Арвен отрицательно мотнул головой.
— Нет. Я сказал тебе, нет.
— Беренис это тоже касается, — Астин сделала вид, что не слышит его. — Ее чувства еще более обострены, чем мои, ведь она любит Раймона и носит его ребенка. Но, к сожалению, Беренис не посвященная, поэтому она с трудом отличает настоящую связь от беспорядочных порывов. Мне все равно придется идти.
— Нет, — чуть не взвыл король.
— И не забывай, что ты у меня в доме, и здесь решаю я, — ледяным тоном закончила принцесса.
Как ее самоуверенность замучила Арвена! Он просто не мог выразить этого словами! Львиный Зев провел ладонью по лбу. Король ощущал, что между ним и Астин с тех пор, как они прибыли в Орней, выросла стена из ее высокомерия и его, с трудом подавляемого раздражения. Беда в том, что Арвен после долгого унизительного бегства не чувствовал себя уверенно, не управлял здесь ничем и просто не знал, как поставить Астин на место.
Глава 5
Раймон с трудом разомкнул обожженные солнцем веки. В окрестностях Анконны стояла адская жара. Казалось, ветер дул в Акситанию не с моря, а из самой глубины фаррадских пустынь. Герцог усилием воли удержал мысли. Он не хотел сейчас подключать к пониманию окружавшего мира свои тайные знания. Для этого потребовалось бы очень много сил, а их-то у Раймона как раз не было. Тяжелый проржавленный ошейник охватывал стертое окровавленное горло акситанца. Изображать цепного пса у ворот собственного города — эта участь казалась Раймону на редкость завидной!
Во время боя в Анконнском ущелье, когда его немногочисленная конница, смятая лавиной вёльфюнгов, в беспорядке отступала к берегу Арна, лошадь под герцогом убило. Рухнув, она придавила всадника к земле. Раненый Раймон не смог выбраться и был взят в плен вёльфюнгами, обходившими поле уже после сражения. Они узнали небесно-голубой с серебряной обшивкой плащ герцога, пышный плюмаж из черных перьев На его шлеме и многочисленные гербы Акситании — вставший на дыбы медведь — украшавшие доспехи всадника и сбрую коня.
Вёльф — старый враг. Настолько старый, что взаимное озлобление жителей правого и левого берегов Арна не позволяло им даже задуматься о политической пользе захвата важных пленников. Они лишь вымещали на них свою впитанную с молоком матерей ненависть. Раймона не пытали и не допрашивали, его просто приковали к городским воротам, а по истечении двухнедельного срока собирались казнить на рыночной площади Анконны при большом стечении народа. Через две недели в поверженную столицу «непобедимой Акситании» должен был прибыть маркграф Вёльфа, чтобы лично погрузить концы пальцев в кровь обезглавленного врага. Таков был древний обычай по ту сторону границы.
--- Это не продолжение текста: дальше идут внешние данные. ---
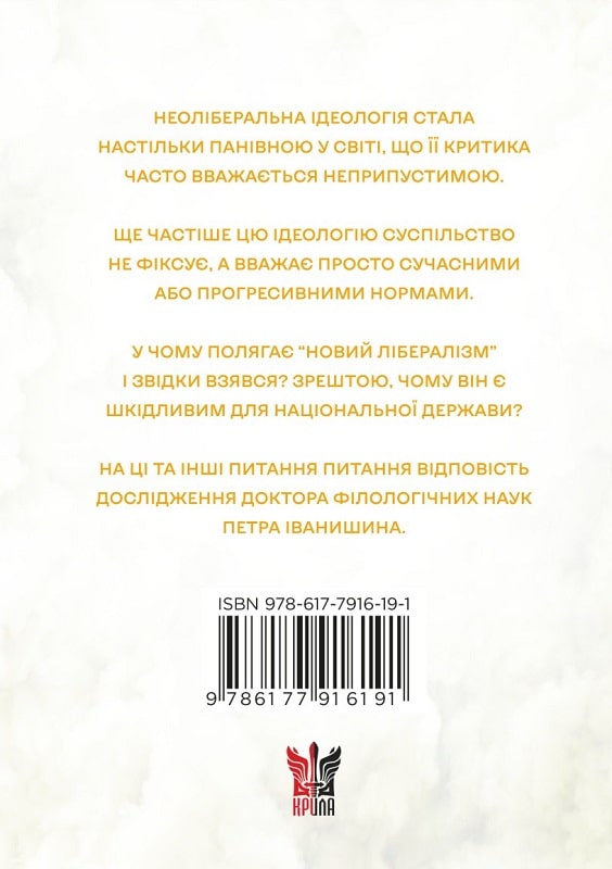 У новій монографії професора Петра Іванишина запропоновано герменевтичне трактування такого складного політико-ідеологічного явища,як неолібералізм. Спираючись на націософську традицію тлумачення ,на праці українських та закордонних авторів ,дослідник ретельно простежує визначення, витоки та основні течії повоєнного лібералізму,аналізує його зовнішню ,внутрішню, економічну та культурну політики,окреслює основні ідеологічні концепти, характер та структуру правлячого новоліберального класу. Автор підводить читача до висновку про імперський характер неолібералістичного політичного світогляду,що домінує на повоєнному Заході, й остерігається перед його бездумними імітаціями в новітній Україні. Видання розраховане на всіх тих, хто вивчає історію та теорію політичних ідеологій, філософію ідей,політологію,нацвологію,економіку та сучасну культуру.

Раймон потянулся и мучительно сглотнул. Никогда в жизни ему, благородному владыке самой грозной из провинций
Арелата, не приходилось познать ужаса плена. Герцог вдруг понял, что еще мог бы выдержать унижение перед врагами, но позор перед собственными подданными казался выше его сил. Мимо высоких, окованных листовой медью ворот гнали и гнали караваны анконнцев, обращенных в рабство. Их грузили на галеры в речном порту и отправляли вниз по Арну.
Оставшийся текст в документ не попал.